Um die Logik hinter dem Gelben Sack zu verstehen, muss man wissen, wie dieses System zustande kam. Die Idee dahinter war nämlich, die Hersteller und Vertreiber für den ganzen Verpackungsmüll in die Verantwortung zu nehmen. Was ja auch eigentlich richtig ist. Die Hersteller wurden verpflichtet den ganzen Verpackungsmüll wieder zurücknehmen und zu verwerten. Da das aber natürlich keine sonderlich attraktive Aufgabe ist, mit der man sich rumschlagen möchte, macht man natürlich das, was man in der Wirtschaft gerne macht: Outsourcing. Sprich: man holt sich einen privatwirtschaftlichen Dienstleister und bezahlt einfach dafür, dass der sich drum kümmert. Und deshalb dürfen in der Regel auch nur Verpackungen rein, weil z.B. für den Blumentopf aus Plastik kein Hersteller den Entsorgungsobulus vorher abgedrückt hat. Ja, und dieser Dienstleister war der Grüne Punkt. Deswegen wird immer gesagt, dass man gucken sollte, ob auf einer Verpackung der Grüne Punkt ist.

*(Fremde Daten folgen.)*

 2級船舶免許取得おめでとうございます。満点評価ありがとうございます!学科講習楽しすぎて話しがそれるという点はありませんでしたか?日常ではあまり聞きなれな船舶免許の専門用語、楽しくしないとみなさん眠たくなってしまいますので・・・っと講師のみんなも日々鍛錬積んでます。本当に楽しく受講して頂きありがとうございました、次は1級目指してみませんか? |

Aber Moment, auf Papierverpackungen ist ja auch manchmal der Grüne Punkt! Gehören die jetzt doch in den Gelben Sack, weil der Hersteller schon den Obolus für die Entsorgung gezahlt hat oder doch in meine Papiertonne?

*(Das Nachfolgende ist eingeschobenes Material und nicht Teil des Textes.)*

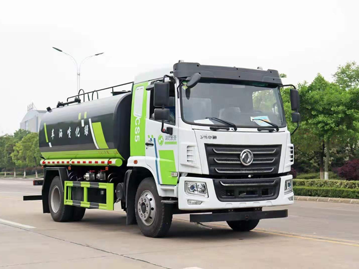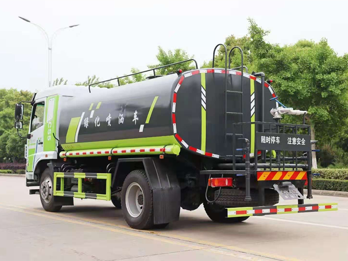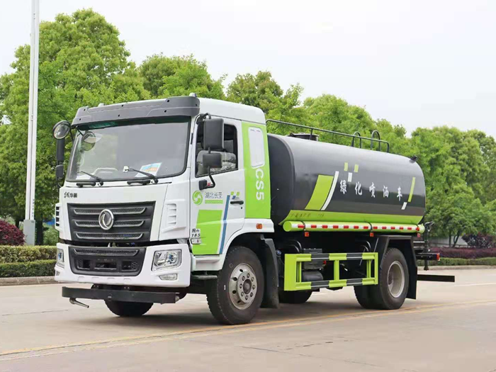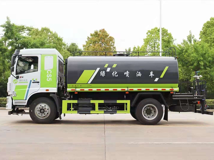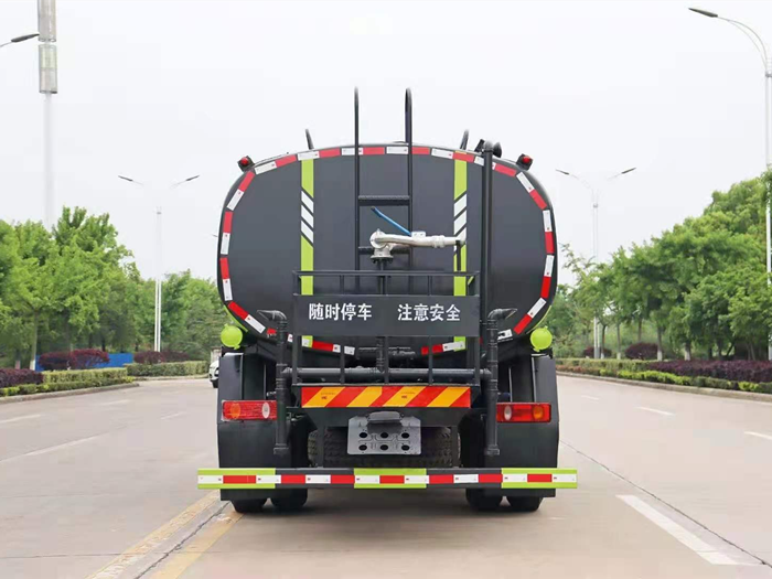 改裝配置:罐體用4MM碳鋼板制作,罐內隔板具有防波作用,以減低汽車行駛時罐體液體的沖擊。整車帶一個專用灑水泵(垂直最大吸程6米),灑水寬度14米,射程28米。多功能灑水車配備2個前沖(噴)(能將路面泥巴、塵土、垃圾沖干凈);2個后灑(能均勻地將水灑在路面,一次灑水寬度14米)、2個側噴(花灑)(能均勻地將路旁綠化帶澆灌)、帶1個后工作平臺,平臺上安裝1個綠化灑水高炮(灑水炮可全方位旋轉,可連續(xù)調成直沖狀、大雨、小雨、毛毛雨,霧狀可調節(jié)沖洗高大樹木),引水時間<5min,流量90m3/h。帶1個消防接頭,帶1個自流閥,1個過濾裝置、人性化爬梯及側防護欄,安裝灑水音樂喇叭。

Verpackungen aus Papier oder Pappe, wie bei Corn Flakes oder so, gehören eindeutig ins Altpapier. Bei anderen Dingen wird’s aber tricky. Rotkohl aus der Tiefkühltruhe zum Beispiel. Das sieht aus wie Papier, hat einen Grünen Punkt drauf, ist aber wie auch so ein Getränkekarton kein reines Papier, sondern ein sogenannter Verbundstoff, d.h. das Ding besteht aus mehr als nur einem Material – und gehört somit in den Gelben Sack.

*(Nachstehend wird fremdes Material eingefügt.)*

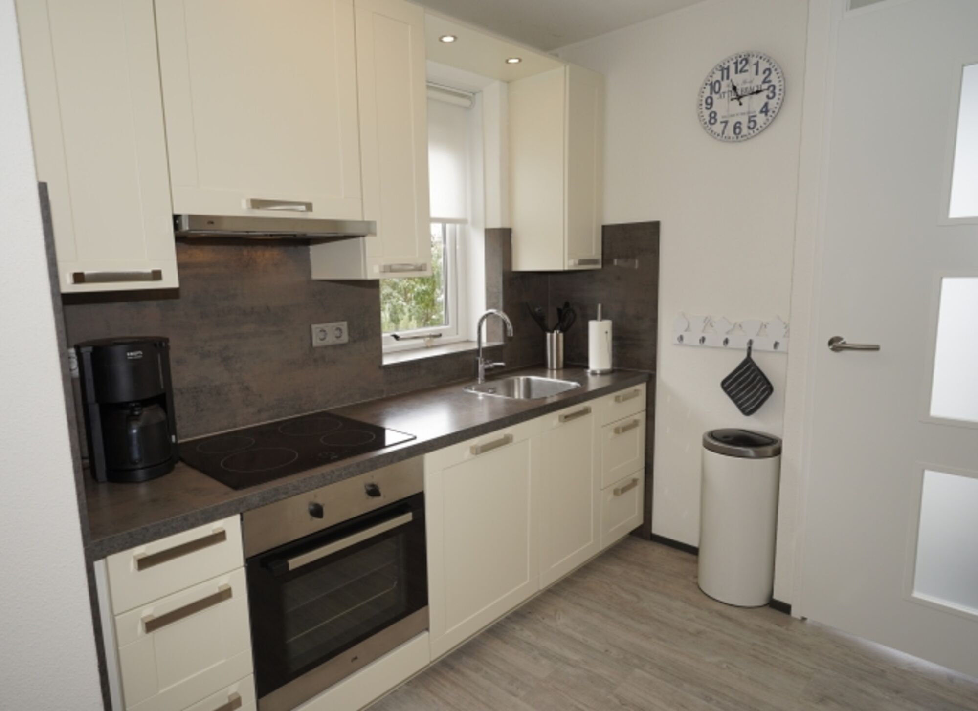 Moderne Einbauküche mit Spülmaschine, Backofen und Mikrowelle. Im Wohnbereich 50" Ultra HD 4K Smart-TV mit Soundsystem, DVD-/ 4K Blu-ray-Player, HiFi-Anlage mit CD/USB und kostenloses WLAN. Die umfangreiche DVD-Sammlung, eine große Buchauswahl und eine Spielesammlung bieten viel Abwechslung für Groß und Klein.

Also, alles, was Kunststoff ist oder Kunststoff dran hat kommt in den Gelben Sack?

Leider nein. Du kannst dir merken: Plastikstrohhalme, die übrigens meistens aus eigentlich recycelbarem Plastik bestehen, dürfen nicht in den Gelben Sack, denn sie sind ein Produkt. Und Produkte gehören in den Restmüll und haben keine Chance auf Recycling. Es sei denn deine Kommune bietet die Gelbe Wertstofftonne statt dem Gelben Sack an. Aber ja, die Strohhalm-Verpackung soll in den Gelben Sack. Da ist es auch ganz irrelevant, dass Leichtplastik häufig nur schwer recycelbar ist – und deswegen in der Regel der “energetischen Verwertung” zugeführt, also am Ende doch verbrannt wird. Wir denken ja so gerne, dass alles, was wir in den Gelben Sack tun, recycelt wird. Öh, nee, weit gefehlt. Aber die Gute Nachricht: Die stoffliche Verwertungsquote von gerade mal 36% bei Kunststoffverpackungen schaffen wir immerhin…

Also – führt kein Weg dran vorbei – Verpackungen wenn’s irgendwie geht – einfach vermeiden?

Ja, auf jeden Fall! Das ist sowieso der erste Schritt. Müll vermeiden! Und wenn der Kram dann doch aus Versehen ins Haus kommt, dann muss er auch ordnungsgemäß entsorgt werden, egal wie sinnig man das System findet.